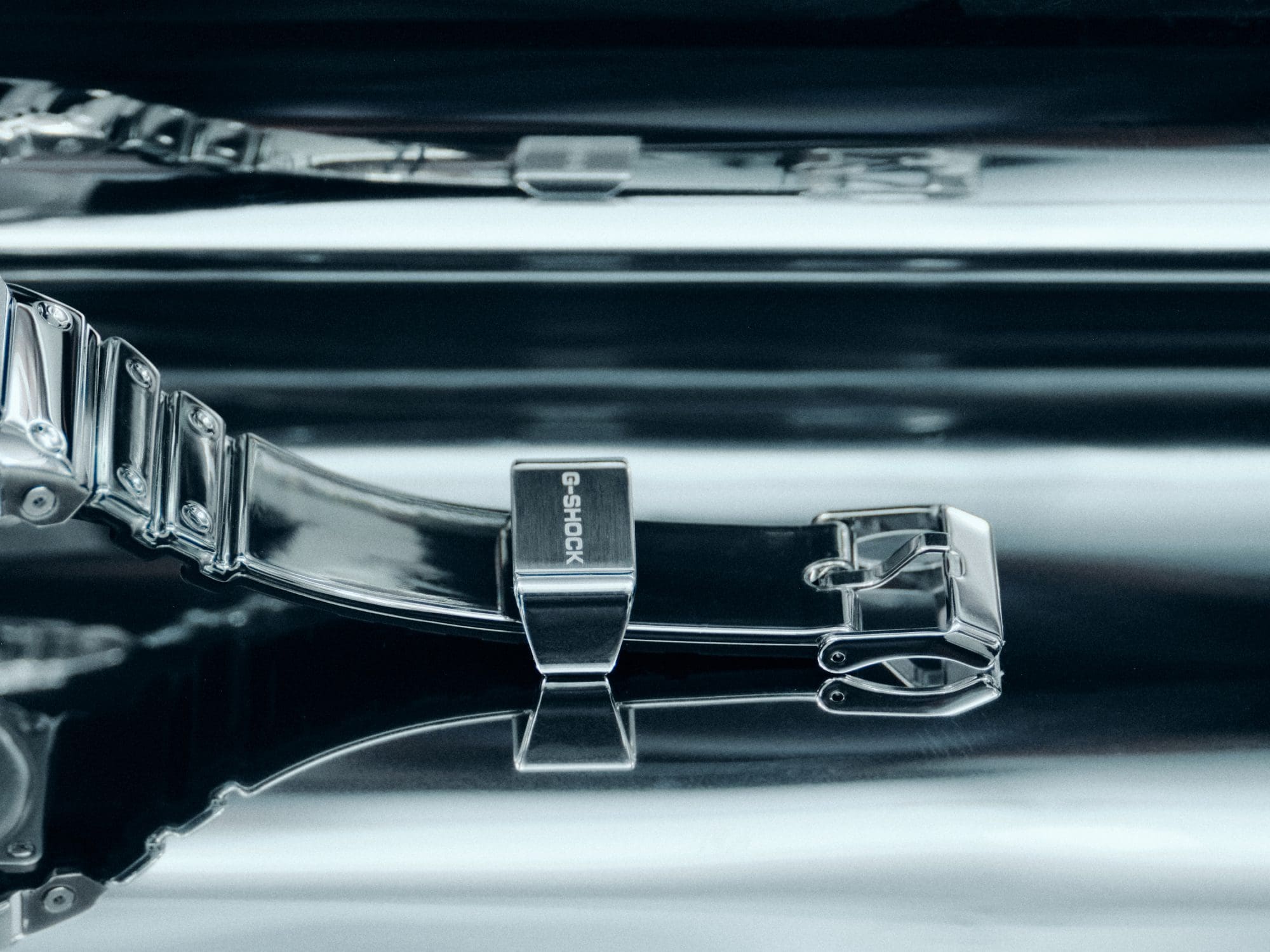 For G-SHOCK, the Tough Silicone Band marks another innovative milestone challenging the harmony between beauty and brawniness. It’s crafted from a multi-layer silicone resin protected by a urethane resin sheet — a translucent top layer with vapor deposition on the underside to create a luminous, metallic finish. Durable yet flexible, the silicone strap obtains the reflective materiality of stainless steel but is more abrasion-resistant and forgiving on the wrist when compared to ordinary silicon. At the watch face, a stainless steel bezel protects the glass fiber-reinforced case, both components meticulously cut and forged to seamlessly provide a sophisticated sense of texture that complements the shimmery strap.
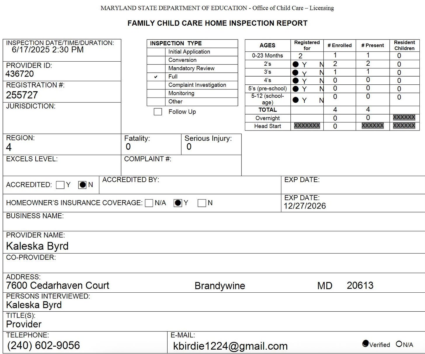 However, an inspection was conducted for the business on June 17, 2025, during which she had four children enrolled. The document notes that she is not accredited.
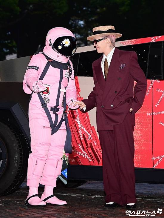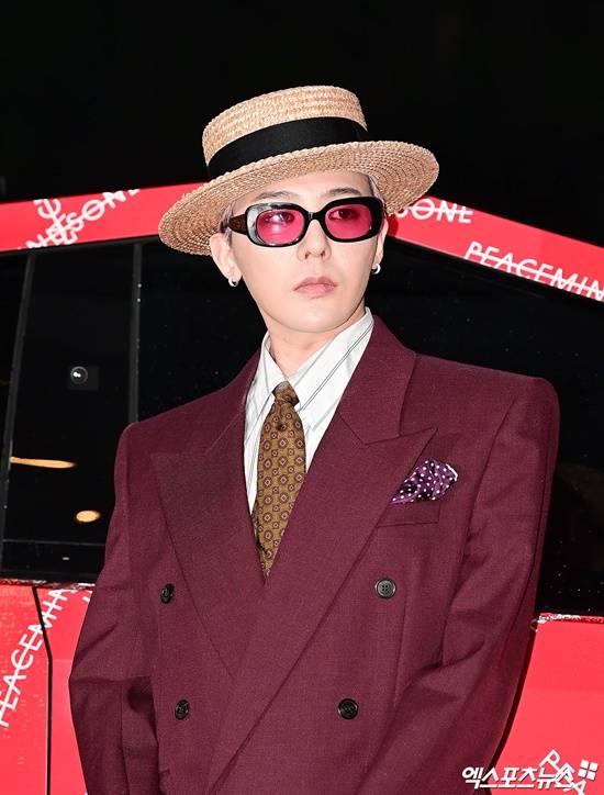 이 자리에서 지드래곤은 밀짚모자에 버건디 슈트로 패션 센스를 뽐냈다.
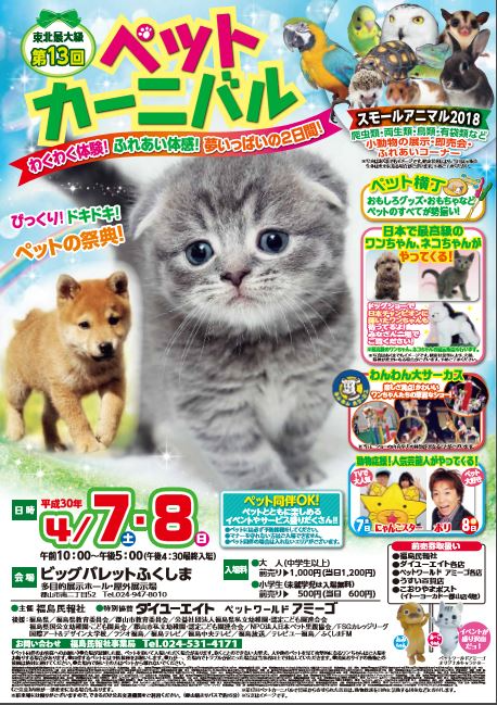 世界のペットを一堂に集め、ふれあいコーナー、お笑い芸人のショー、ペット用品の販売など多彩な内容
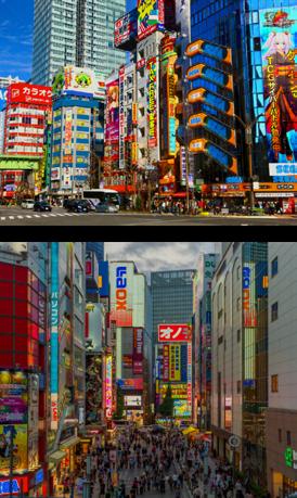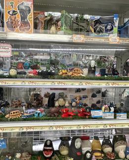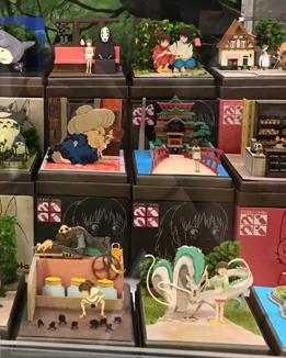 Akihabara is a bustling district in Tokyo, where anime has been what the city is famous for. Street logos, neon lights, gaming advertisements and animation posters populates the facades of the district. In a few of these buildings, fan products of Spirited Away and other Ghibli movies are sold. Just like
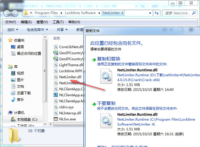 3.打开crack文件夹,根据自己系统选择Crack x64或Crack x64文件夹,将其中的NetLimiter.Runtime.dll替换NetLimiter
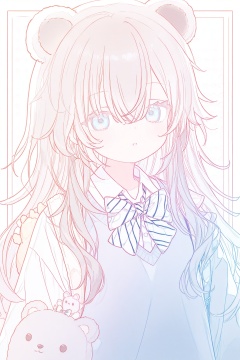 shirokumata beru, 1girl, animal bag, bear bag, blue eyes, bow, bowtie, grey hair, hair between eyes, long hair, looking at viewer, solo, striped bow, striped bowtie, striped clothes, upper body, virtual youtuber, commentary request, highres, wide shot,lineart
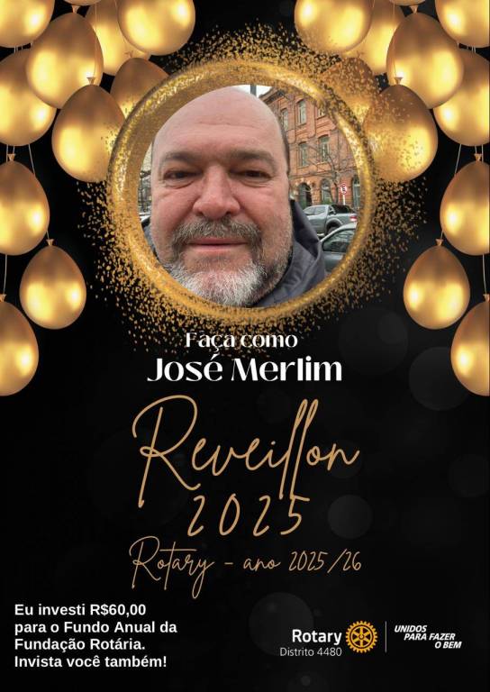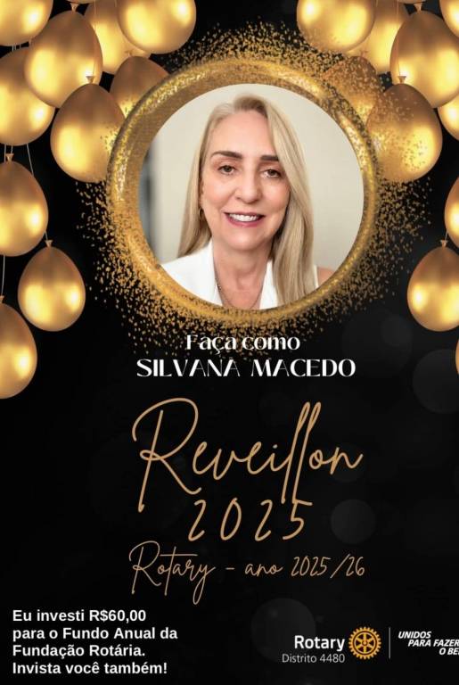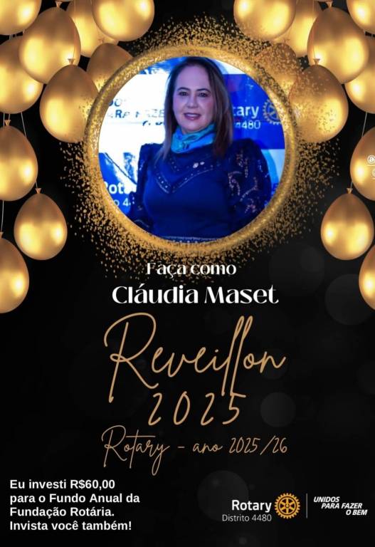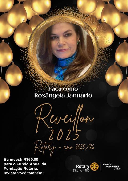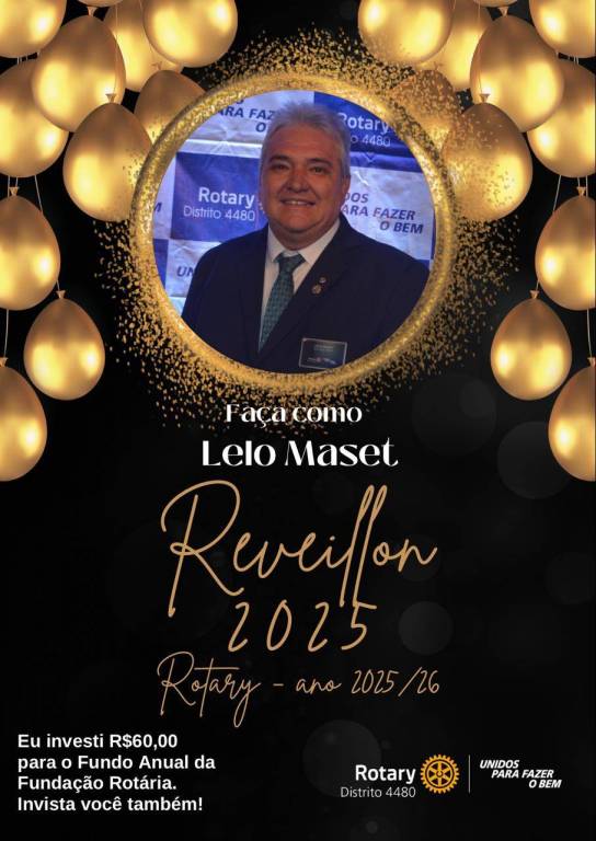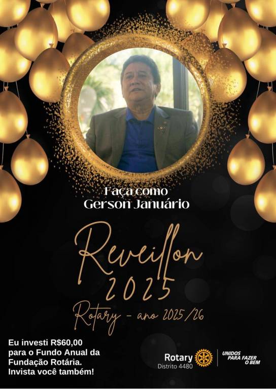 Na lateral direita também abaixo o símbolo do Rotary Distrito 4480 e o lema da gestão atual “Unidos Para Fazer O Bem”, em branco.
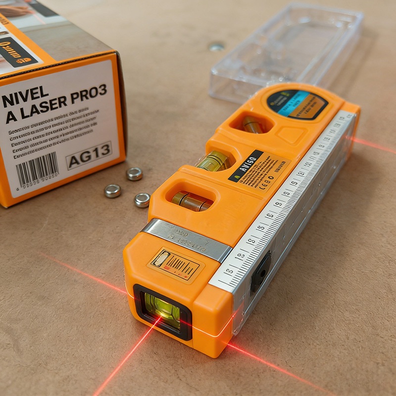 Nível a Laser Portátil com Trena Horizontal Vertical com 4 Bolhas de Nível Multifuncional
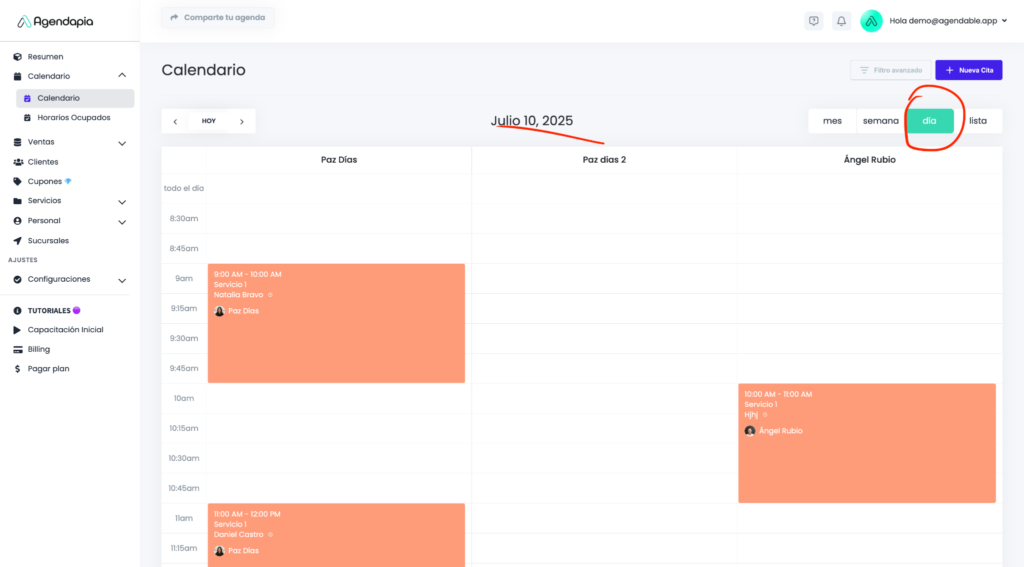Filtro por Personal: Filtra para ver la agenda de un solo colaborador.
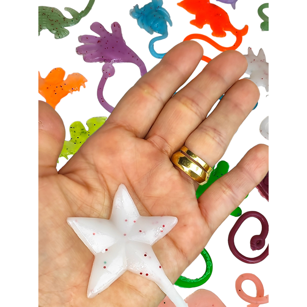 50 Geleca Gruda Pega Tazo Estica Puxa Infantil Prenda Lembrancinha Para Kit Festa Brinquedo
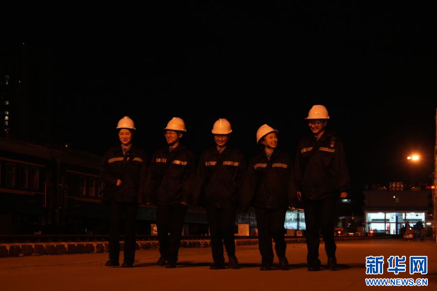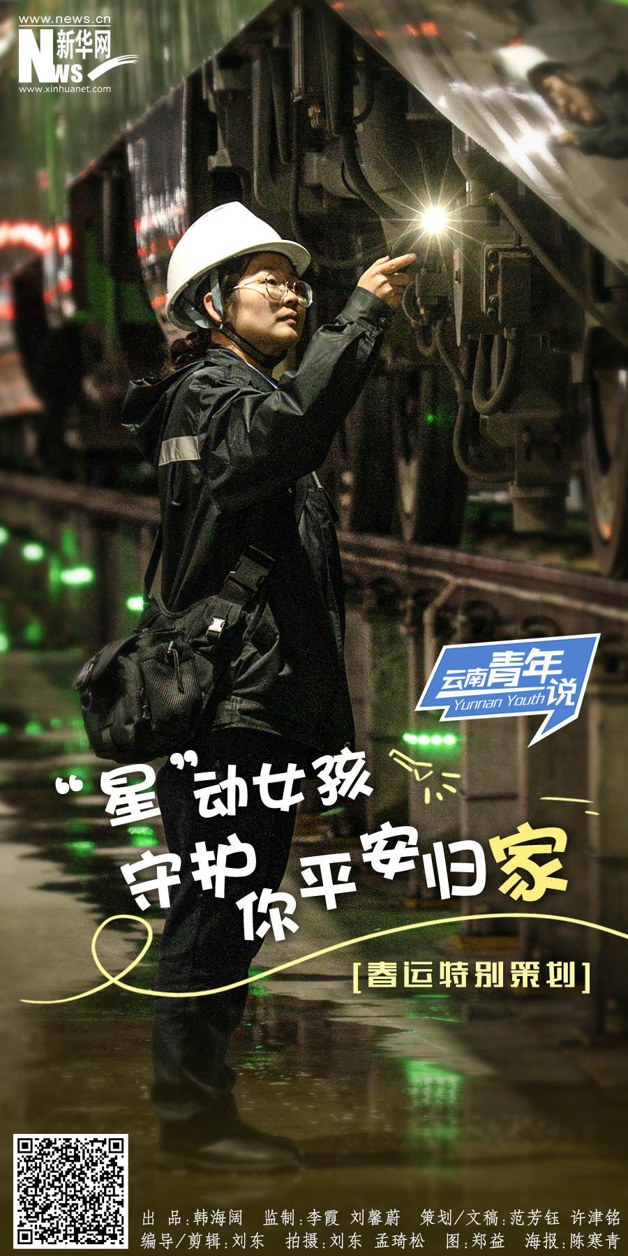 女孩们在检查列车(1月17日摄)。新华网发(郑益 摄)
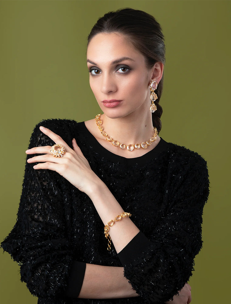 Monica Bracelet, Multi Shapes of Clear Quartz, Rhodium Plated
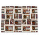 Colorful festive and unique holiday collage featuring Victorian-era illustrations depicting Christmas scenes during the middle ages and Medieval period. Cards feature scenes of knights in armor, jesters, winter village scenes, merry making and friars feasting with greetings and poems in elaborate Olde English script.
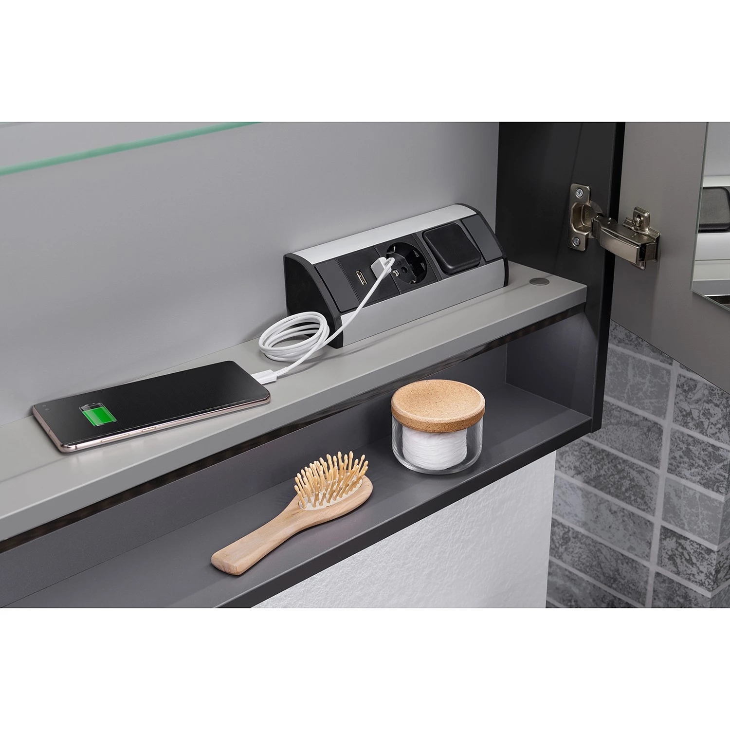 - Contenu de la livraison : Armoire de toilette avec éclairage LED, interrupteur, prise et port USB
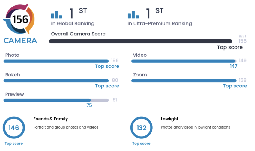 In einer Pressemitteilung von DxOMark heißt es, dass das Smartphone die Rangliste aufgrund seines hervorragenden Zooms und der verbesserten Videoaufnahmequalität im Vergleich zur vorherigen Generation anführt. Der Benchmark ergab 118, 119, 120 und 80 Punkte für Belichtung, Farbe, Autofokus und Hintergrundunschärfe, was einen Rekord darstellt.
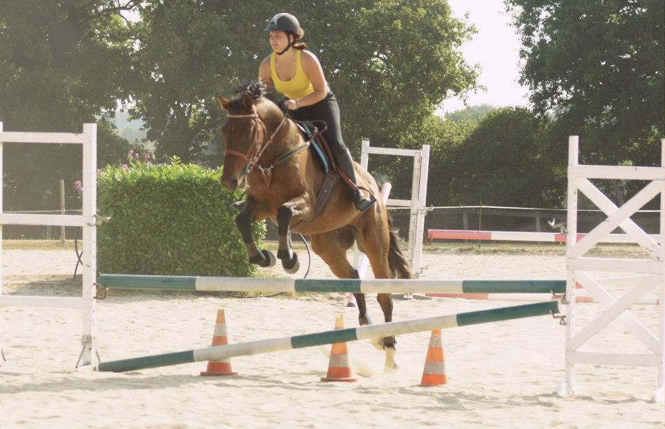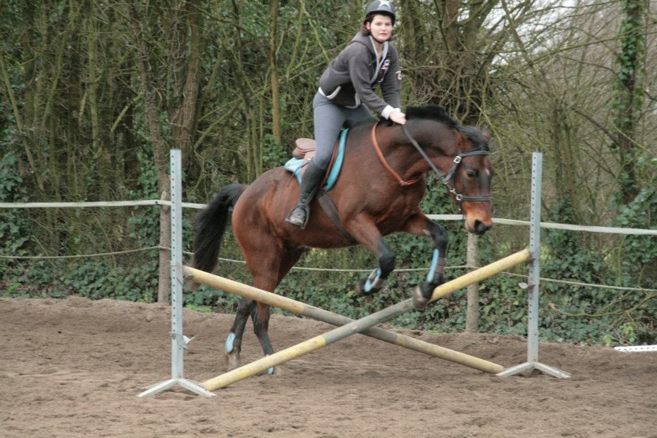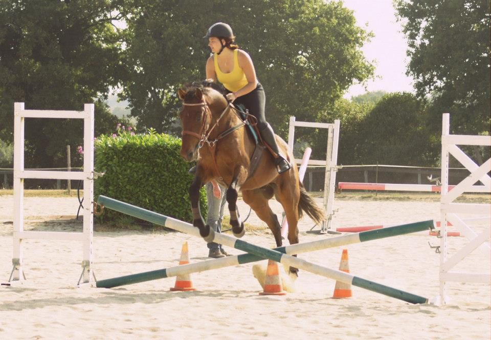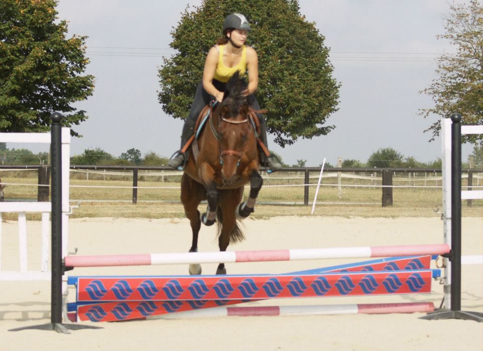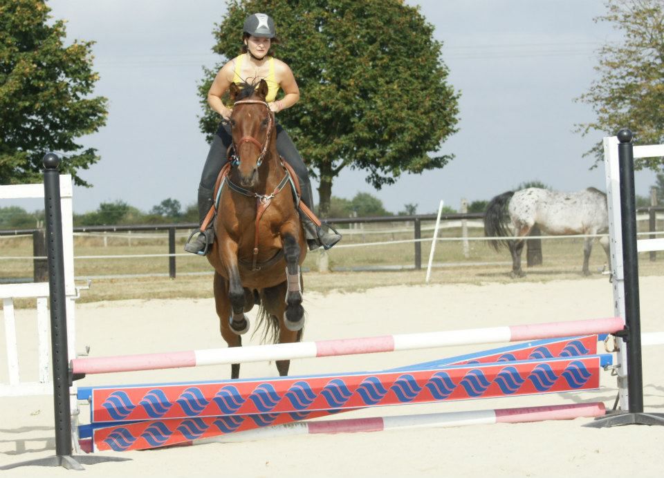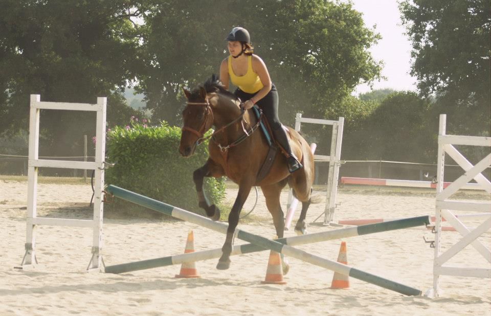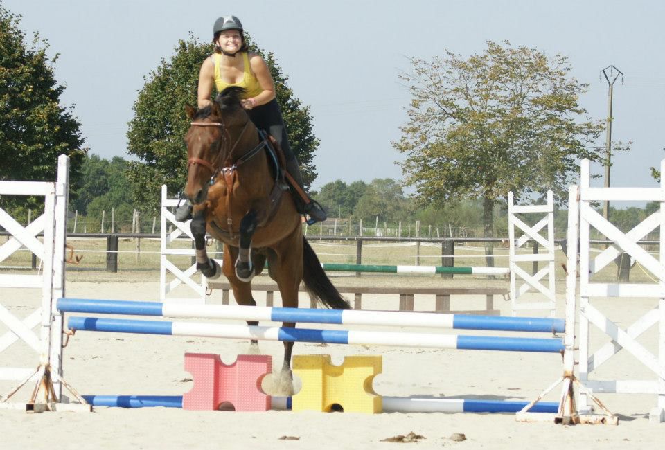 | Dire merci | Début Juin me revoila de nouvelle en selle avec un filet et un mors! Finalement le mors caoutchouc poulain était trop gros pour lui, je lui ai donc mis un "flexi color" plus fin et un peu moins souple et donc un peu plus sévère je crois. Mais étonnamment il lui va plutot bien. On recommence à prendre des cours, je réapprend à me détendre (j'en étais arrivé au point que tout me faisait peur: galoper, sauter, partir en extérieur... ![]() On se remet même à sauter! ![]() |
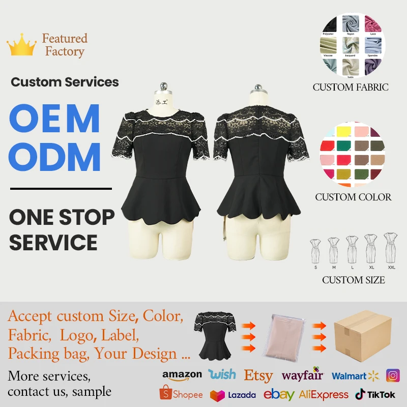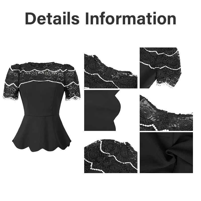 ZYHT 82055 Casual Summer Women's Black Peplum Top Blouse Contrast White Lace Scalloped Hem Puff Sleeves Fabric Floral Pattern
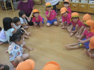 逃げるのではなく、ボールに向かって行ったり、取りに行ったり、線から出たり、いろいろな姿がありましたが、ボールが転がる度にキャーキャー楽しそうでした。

· · · · ·

Wording must stay exact. Give again the lines from the line with "ZYHT 82055 Casual" through the last line of the listing, both ends included, without pictures.

 ZYHT 82055 Casual Summer Women's Black Peplum Top Blouse Contrast White Lace Scalloped Hem Puff Sleeves Fabric Floral Pattern
 逃げるのではなく、ボールに向かって行ったり、取りに行ったり、線から出たり、いろいろな姿がありましたが、ボールが転がる度にキャーキャー楽しそうでした。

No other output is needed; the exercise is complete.